▶ Data for analysis:

:::

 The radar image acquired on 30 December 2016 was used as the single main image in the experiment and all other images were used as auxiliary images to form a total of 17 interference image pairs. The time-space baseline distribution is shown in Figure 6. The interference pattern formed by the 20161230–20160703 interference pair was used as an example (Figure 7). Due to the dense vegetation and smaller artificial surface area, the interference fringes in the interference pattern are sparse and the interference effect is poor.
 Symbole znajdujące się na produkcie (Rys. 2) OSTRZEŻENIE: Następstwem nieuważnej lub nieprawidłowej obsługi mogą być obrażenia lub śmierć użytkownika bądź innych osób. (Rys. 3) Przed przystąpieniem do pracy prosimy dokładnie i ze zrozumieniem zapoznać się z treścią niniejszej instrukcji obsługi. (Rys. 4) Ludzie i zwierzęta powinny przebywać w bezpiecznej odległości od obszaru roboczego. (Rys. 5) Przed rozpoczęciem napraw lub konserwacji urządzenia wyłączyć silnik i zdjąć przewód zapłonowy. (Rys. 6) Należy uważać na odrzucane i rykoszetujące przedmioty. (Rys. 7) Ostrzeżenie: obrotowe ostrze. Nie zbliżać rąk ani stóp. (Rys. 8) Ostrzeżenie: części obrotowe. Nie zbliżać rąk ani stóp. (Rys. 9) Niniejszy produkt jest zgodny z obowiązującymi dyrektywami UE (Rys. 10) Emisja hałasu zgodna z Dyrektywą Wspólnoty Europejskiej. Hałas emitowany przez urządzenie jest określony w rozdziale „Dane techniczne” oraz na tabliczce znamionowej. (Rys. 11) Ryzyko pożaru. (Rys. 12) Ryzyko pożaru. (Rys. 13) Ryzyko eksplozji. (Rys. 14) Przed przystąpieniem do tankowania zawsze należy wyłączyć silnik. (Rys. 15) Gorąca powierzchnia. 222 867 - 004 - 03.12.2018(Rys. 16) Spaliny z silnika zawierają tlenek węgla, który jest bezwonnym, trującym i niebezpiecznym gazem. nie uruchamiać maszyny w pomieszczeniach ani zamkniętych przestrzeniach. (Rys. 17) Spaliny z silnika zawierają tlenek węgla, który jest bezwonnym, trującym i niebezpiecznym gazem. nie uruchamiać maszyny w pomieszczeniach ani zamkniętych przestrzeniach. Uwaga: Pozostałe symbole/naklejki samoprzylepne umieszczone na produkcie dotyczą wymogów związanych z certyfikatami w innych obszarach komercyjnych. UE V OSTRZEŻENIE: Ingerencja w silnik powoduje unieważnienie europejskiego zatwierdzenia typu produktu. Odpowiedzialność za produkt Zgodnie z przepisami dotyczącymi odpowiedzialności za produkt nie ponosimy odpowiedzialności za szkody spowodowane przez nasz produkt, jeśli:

:::

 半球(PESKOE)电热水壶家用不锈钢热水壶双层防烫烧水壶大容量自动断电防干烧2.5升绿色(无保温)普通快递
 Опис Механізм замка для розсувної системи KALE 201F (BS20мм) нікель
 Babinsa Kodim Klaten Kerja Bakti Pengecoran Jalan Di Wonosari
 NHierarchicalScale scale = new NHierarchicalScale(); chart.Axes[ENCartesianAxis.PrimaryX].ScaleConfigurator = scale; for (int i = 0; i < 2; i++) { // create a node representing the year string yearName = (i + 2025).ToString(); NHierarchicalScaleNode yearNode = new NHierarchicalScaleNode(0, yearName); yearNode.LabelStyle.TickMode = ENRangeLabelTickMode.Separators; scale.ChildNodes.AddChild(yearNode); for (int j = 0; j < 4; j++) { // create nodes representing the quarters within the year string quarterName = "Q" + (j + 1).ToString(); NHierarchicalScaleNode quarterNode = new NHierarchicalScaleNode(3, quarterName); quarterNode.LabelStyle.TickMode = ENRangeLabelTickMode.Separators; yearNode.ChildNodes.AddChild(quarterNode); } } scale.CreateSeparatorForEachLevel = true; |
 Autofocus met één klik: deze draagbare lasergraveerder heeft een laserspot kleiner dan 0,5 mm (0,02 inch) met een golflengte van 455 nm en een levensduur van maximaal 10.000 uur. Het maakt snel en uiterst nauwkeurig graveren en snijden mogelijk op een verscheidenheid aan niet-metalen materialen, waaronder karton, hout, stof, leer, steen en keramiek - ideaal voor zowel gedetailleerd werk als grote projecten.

:::

In the listing above, find the line with "半球(PESKOE)电热水壶" and the line with "Babinsa Kodim Klaten", then reproduce both and every line between them exactly.

 半球(PESKOE)电热水壶家用不锈钢热水壶双层防烫烧水壶大容量自动断电防干烧2.5升绿色(无保温)普通快递
 Опис Механізм замка для розсувної системи KALE 201F (BS20мм) нікель
 Babinsa Kodim Klaten Kerja Bakti Pengecoran Jalan Di Wonosari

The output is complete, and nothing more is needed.